Deep Dish Pizza
 
Prep time
Cook time
Total time
 
Author:
Recipe type: Main
Cuisine: American
Serves: 9
Ingredients
  • CRUST:
  • 6 eggs, separated
  • ½ tsp cream of tartar
  • ½ cup Jay Robb unflavored egg white Or whey protein
  • 3 oz cream cheese, softened (OR reserved yolks if dairy free)
  • Spices (if desired)
  • OPTIONAL TOPPINGS:
  • Low-Sugar Marinara (Mario Batali Brand = no soybean oil and no sugar)
  • Italian Sausage
  • Pepperoni
  • Mushrooms
  • Onions
  • Peppers
  • Bacon
  • 8 ounces Mozzarella Cheese/Goat Cheese/Feta
  • Olives
Instructions
  1. Preheat oven to 375 degrees F. Separate the eggs and whip the whites and cream of tartar until very stiff (I use a stand mixer and let it go for 5 minutes).

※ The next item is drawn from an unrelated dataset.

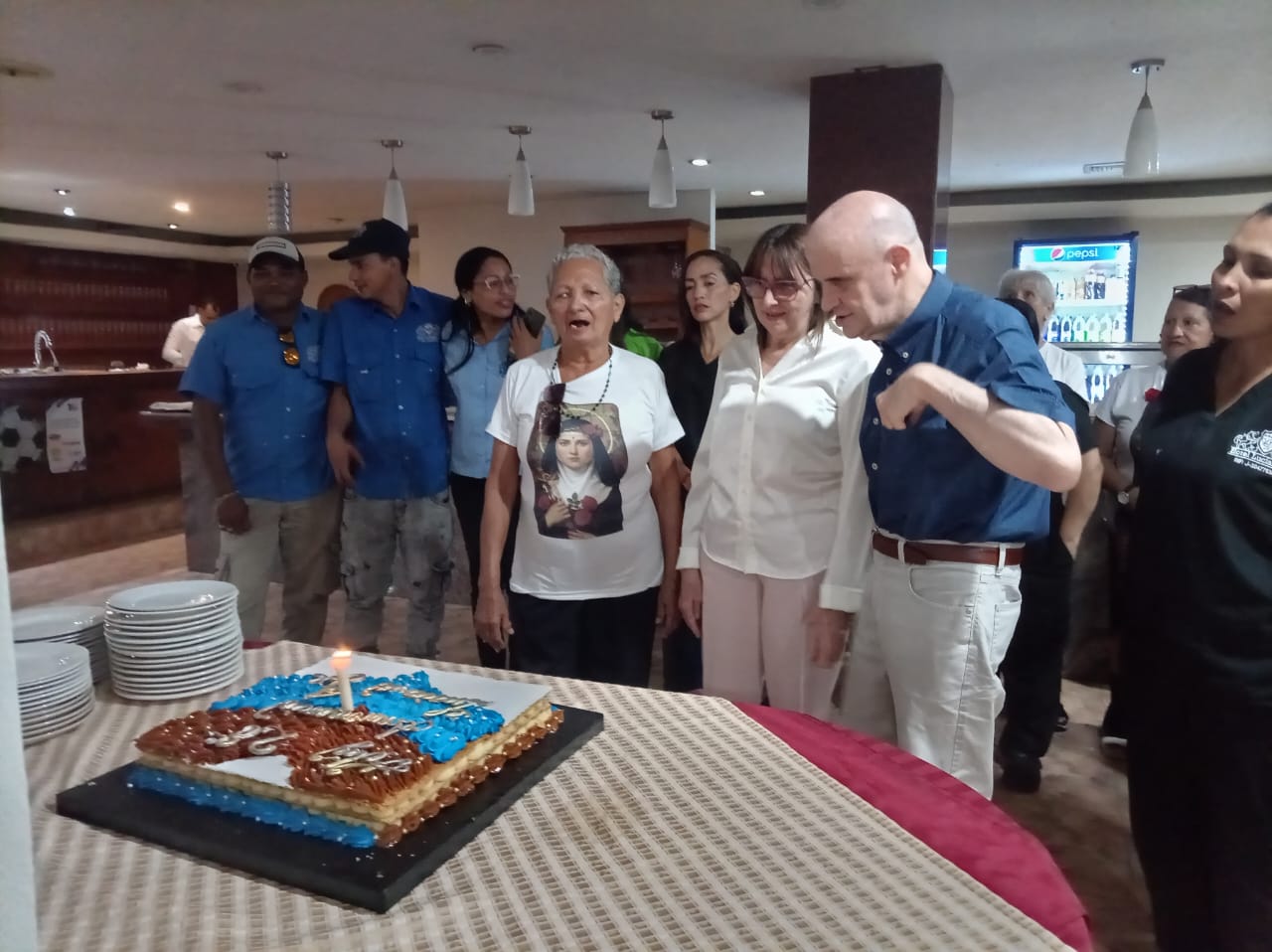 Todos los presentes cantaron el Cumpleaños feliz al hotel.

Slowly sift in the protein powder to the whites.
  2. Using a spatula, gently fold the cream cheese (or reserved yolks if dairy free) into the whites.
  3. Spray a lasagna pan or cast iron skillet with coconut oil spray and spoon the mixture into it. Bake for 18 minutes.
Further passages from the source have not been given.